Na und, könnte man sagen: Die Credit Suisse Group (CSG) will sich wieder einmal einem Umbau unterziehen. Den «Beginn einer neuen Ära» verkündete Credit-Suisse-Boss Oswald Grübel am Dienstag vor einer guten Hundertschaft internationaler Finanzanalytiker, die aus aller Herren Ländern nach Zürich gekommen waren. Der heute aus drei Teilen – Credit Suisse First Boston (CSFB), Credit Suisse (CS) und die Versicherungsgruppe Winterthur – bestehende Allfinanzkonzern CSG wird in zwei Teile getrennt. CSFB und CS werden zu einer Vermögensverwaltungsbank mit Entscheidungszentrum in Zürich verschmolzen. Die neue Bank plant drei Geschäftsbereiche, wovon einer auf Privatkunden, einer auf Unternehmens- und Investment-Banking-Kunden und einer auf Vermögensverwaltung ausgerichtet sein wird. Die Winterthur wird verselbständigt und soll mittelfristig verkauft werden.

Na und, könnte man sagen, wenn die CSG mit diesen Plänen ihren Gewinn bis 2007 auf acht Milliarden Franken steigern, den AktionärInnen ein Dividendenwachstum bescheren und den CSG-Aktienkurs in die Höhe treiben will: Solange die zwei CSG-Nachfolgefirmen keine Angestellten entlassen, ihre Steuern bezahlen und keine schmutzigen Gelder waschen, dürfte sich das Interesse für diesen Umbau vornehmlich auf Finanzanalystinnen und Aktionäre beschränken. Doch das wäre zu kurz gegriffen. Die CSG generiert schätzungsweise ein Viertel der Aktivitäten auf dem Finanzplatz Schweiz und tangiert damit auch die gesamte hiesige Wirtschaft und Politik.

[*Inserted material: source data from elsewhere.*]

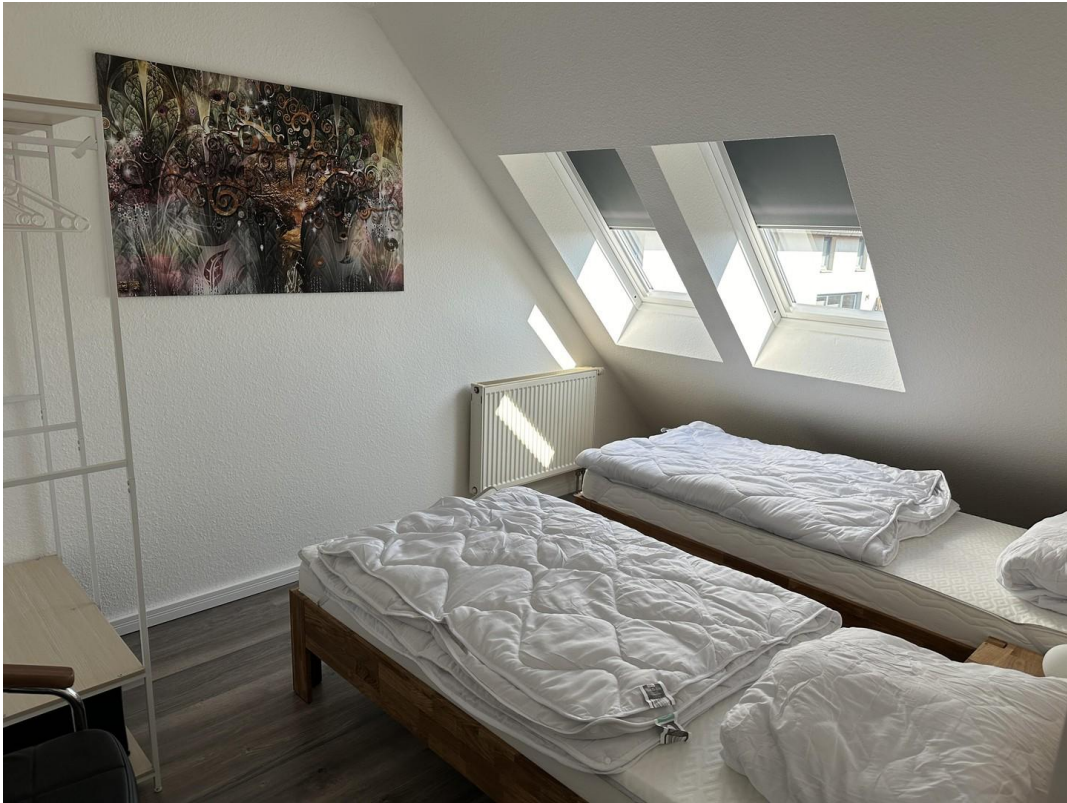
Schlafzimmer 2 OG
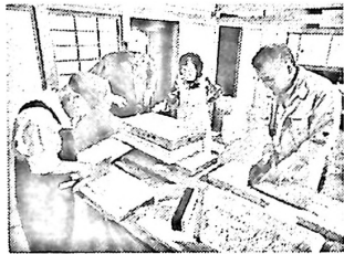
旧館でお蕎麦の準備

10月18日(土)午後3時より前日祭りが、翌19日(日)午前8時30分より当日祭りが実施されました。今年の新しい取り組みや出来事としては、①まちづくり日新環境部会による底喰川の草花や生き物の図が披露できたこと(本紙裏面に新聞記事を掲載)、②「写真の広場 in 日新写真展」で素人目コンテストを実施したこと、③IAGate(福井大学生からなる青年教育グループ)による模擬店(モノ作り体験&ゲームコーナー)が設置されたこと、④展示作品に福商美術部の作品が加わったことなどがありました。変わりやすいと言われる秋の気候にもかかわらず2日間連続で雲一つない晴天に恵まれ、大いに賑わった公民館まつりとなりました。ご協力くださいました皆様ありがとうございました。その一部をご紹介します。
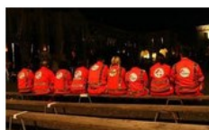
MANIFESTAZIONI ED EVENTI
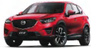
Photo: XD L Package
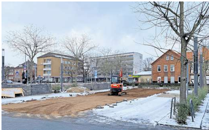
Abgesackt: Die Parkplätze am Einkaufszentrum Elisabetharkaden müssen erneuert werden, weil der Untergrund nicht stabil ist.
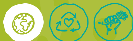
Global engagieren Müll vermeiden Klima- und Umweltschutz

MINDESTALTER DER FREIWILLIGEN: ab 18 Jahren
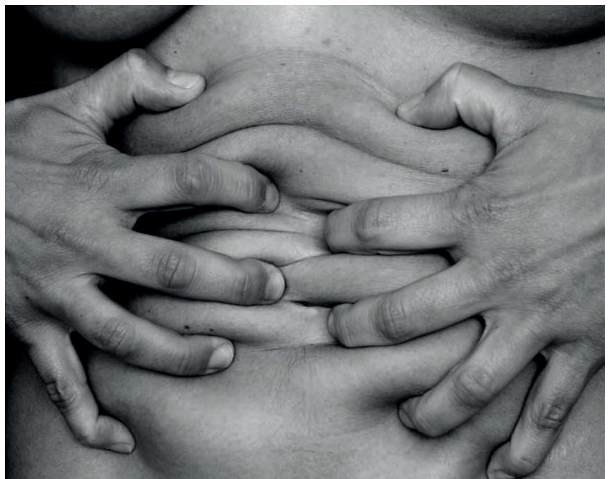
>> Mans i cos, del llibre Reversible, 2016.

plegats moments de nervis i corredisses, i també ens hi va demostrar el seu segell valorant artistes, coneixent-ne o descobrint-ne, perquè la feina desencaixada de la rutina ens excitava i feia sortir el millor de nosaltres mateixos (no sé si ens està bé dir-ho).
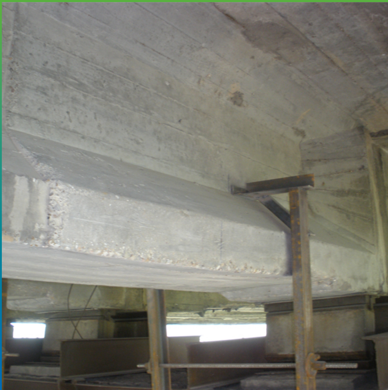
Отшлифованная поверхность балки
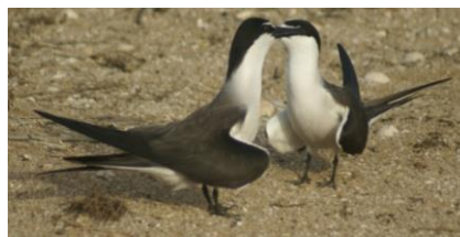
شکل ۱: پرستو دریایی پشت دودی در جزیره قبرناخدا، (بهروزی راد، ۱۳۹۴)
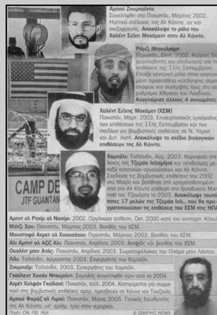
Στελέχη της Αλ Κάιντα από τον ημερήσιο τύπο. Ο πάνω πάνω είναι λέει "ηγετικό στέλεχος της Αλ Κάιντα, αν και σχιζοφρενής." Αυτό δεν τον εμπόδισε να καταδώσει όλους τους υπόλοιπους. Στο κάτω μέρος διαβάζουμε τις πηγές της αλήθειας: CIA, FBI, NSA.
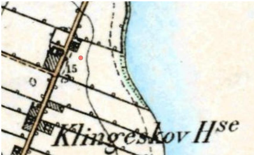
Fig. 3. Historisk baggrundskort, høje målebordsblade 1842-1899. Den røde prik markerer matriklen, hvor den søen ønskes etableret.

Kystdirektoratet har ud fra en gennemgang af ortofotos samt historiske baggrundskort vurderet, at der ikke tidligere har været en naturlig sø på den ansøgte placering (se fig. 3).
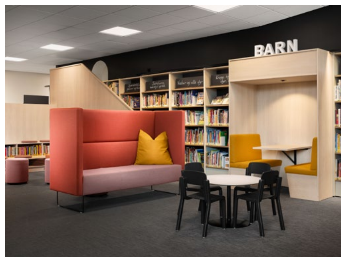
Her i barneavdelingen er det tegnet sittebasen hvor barn og voksne kan sitte sammen. Møbleringen er løs og fleksibel og kan ryddes unna for aktiviteter på gulvet.

og en del er fastmontert for å hindre at de flyter ut i gangsonen.
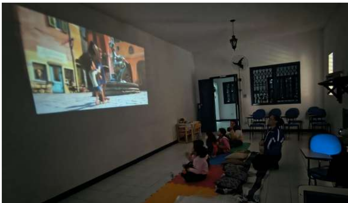
Sessão cine pipoca trabalhando aspectos de tolerância a ambientes escuros
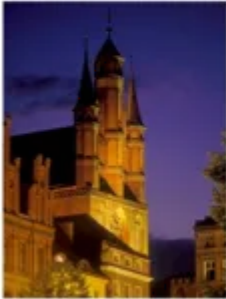
stredovekého a gotického dedičstva. V Toruni bolo podstatných množstvo stredovekých budov, ktoré sa zachovali do dnešných dní a vďaka reprezentujúce najvyššie a gotické

Ďalším z argumentov, ktoré viedli k zápisu torunského Starého mesta na Zoznam svetového dedičstva UNESCO a deň 12. júna 1997, bola autentická jeho stredoveká a gotická profília, a mimoriadne výjavné zachovanie
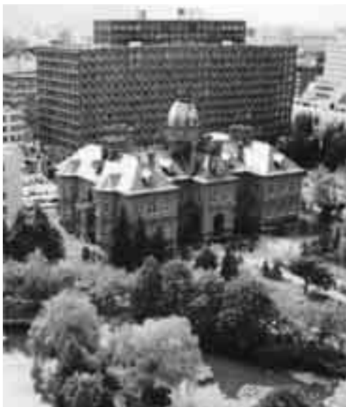
写真 北海道文書館

今年4月、開館以来独立した出先機関であった文書館は、法制文書課の内部組織となって21年目の再スタートをきりました。19人の職員は12人に削減されましたが、条例設置の公の施設としては維持されました。小さな組織にはなりましたが、これまで寄せられた史料保存への危惧や文書館への期待に応えるためにも、職員が知恵を出しあって、できる限りのサービスを提供し、各方面との連携を一層強めていかなければならないと考えているところです。
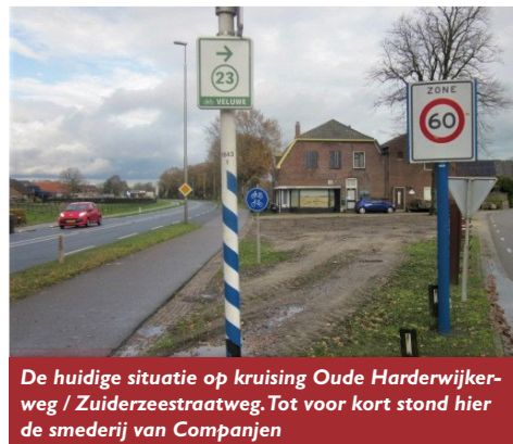
De huidige situatie op kruising Oude Harderwijkerweg / Zuiderzeestraatweg. Tot voor kort stond hier de smederij van Companjen

In nieuwsbrief 24 (nov. 2015) is nog uitgebreid geschreven over smederij Companjen in Doornspijk. Toentertijd konden bij het artikel ook nog recente foto's worden geplaatst. Dit is nu niet meer mogelijk want de smederij is gesloopt, de kruising Oude Harderwijkerweg / Zuiderzeestraatweg was onoverzichtelijk en gevaarlijk. Dat wordt nu allemaal aan huidige eisen aangepast maar daarmee is weer een vml. smederij verdwenen. In nieuwsbrief 2 (juli 2006) maakten we al melding van de sloop van de smederij van Pleiter in Oostendorp. Zo langzamerhand blijven er in de gemeente Elburg maar weinig smederijen over. In Doornspijk rest nog Smederij Wijnbergen aan de Zuiderzeestraatweg West. Deze smederij staat al in de ledenlijst van de B.S.C.M. (Bond van Smeden-, Constructie en Machinebedrijven) 1961/1962: Wed. J. Wijnbergen & Zn., Zuiderzeestr.weg 159 tel. 05258-261 Doornspijk. Helaas had de huidige smid geen tijd voor een kort interview maar wie weet komt dit later nog eens.
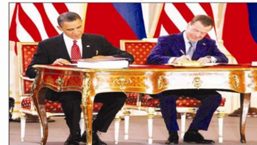
باراك أوباما والرئيس الروسي ديمتري ميدفيدف يوقعان معاهدة جديدة لخفض الاسلحة النووية في "جراغ" بروسيا.

برغ - ( د ب أ ) - وقع الرئيس الأمريكي باراك أوباما والرئيس الروسي ديمتري ميدفيدف في "جراغ" بروسيا معاهدة جديدة لخفض الاسلحة النووية، وشهدتا على أن معاهدة جديدة لخفض الاسلحة النووية، وشهدتا على أن معاهدة جديدة لخفض الاسلحة النووية، وشهدتا على أن معاهدة جديدة لخفض الاسلحة النووية.
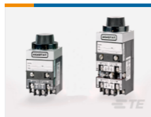
TE 产品编号 3-1423168-6 E7012ACLL004=RLY,NUC,ON,2P,120V,15S,LL

Bei der sage und schreibe fünfstündigen Präsentation ihres Planes haben Grübel und seine Kollegen strikt betriebswirtschaftlich argumentiert und jeden Bezug zu Volkswirtschaft und Politik vermieden. Dies, obwohl der Umbau der CSG entlang der neuen Einbankstrategie weit über das rein Kommerzielle hinausgeht. Angesagt ist nicht weniger als die «Rückschweizerung» eines transnationalen Finanzdienstleistungskonglomerates. Das Wallstreet-gesteuerte CSFB-Investment-Banking wird organisatorisch mit dem Unternehmenskundengeschäft zusammengelegt und soll zukünftig vom Paradeplatz aus geleitet werden. Die CSG-Bosse reagieren damit auf die Krise, die den angloamerikanischen Finanzkapitalismus nach dem Platzen der New-Economy-Blase erfasst hat. Verwaltungsrat und Geschäftsleitung glauben, dass ihre Gewinnchancen steigen, wenn sie Eigenkapital und Ressourcen von den US-Finanzmärkten nach Europa, Asien und Südamerika umdisponieren.

Zürich statt Harvard

Die Liquidation der CSFB ist eine epochale Zäsur der Beziehungen der CSG mit den USA. Diese erfolgreichen Beziehungen sind seit der Gründung der ersten Kreditanstaltvertretung 1939 stetig gewachsen. 1970 kaufte die Kreditanstalt den US-Börsenmakler White Weld, 1978 übernahm sie First Boston. Dank dem Erfolg mit der lukrativen First Boston ist es Rainer Gut seinerzeit gelungen, die böse Scharte des Chiasso-Geldwäscherei-Skandals (1977) auszubügeln. Jetzt markiert Grübels grosser Plan die Trendwende zur Schrumpfung auf den US-amerikanischen Finanzmärkten.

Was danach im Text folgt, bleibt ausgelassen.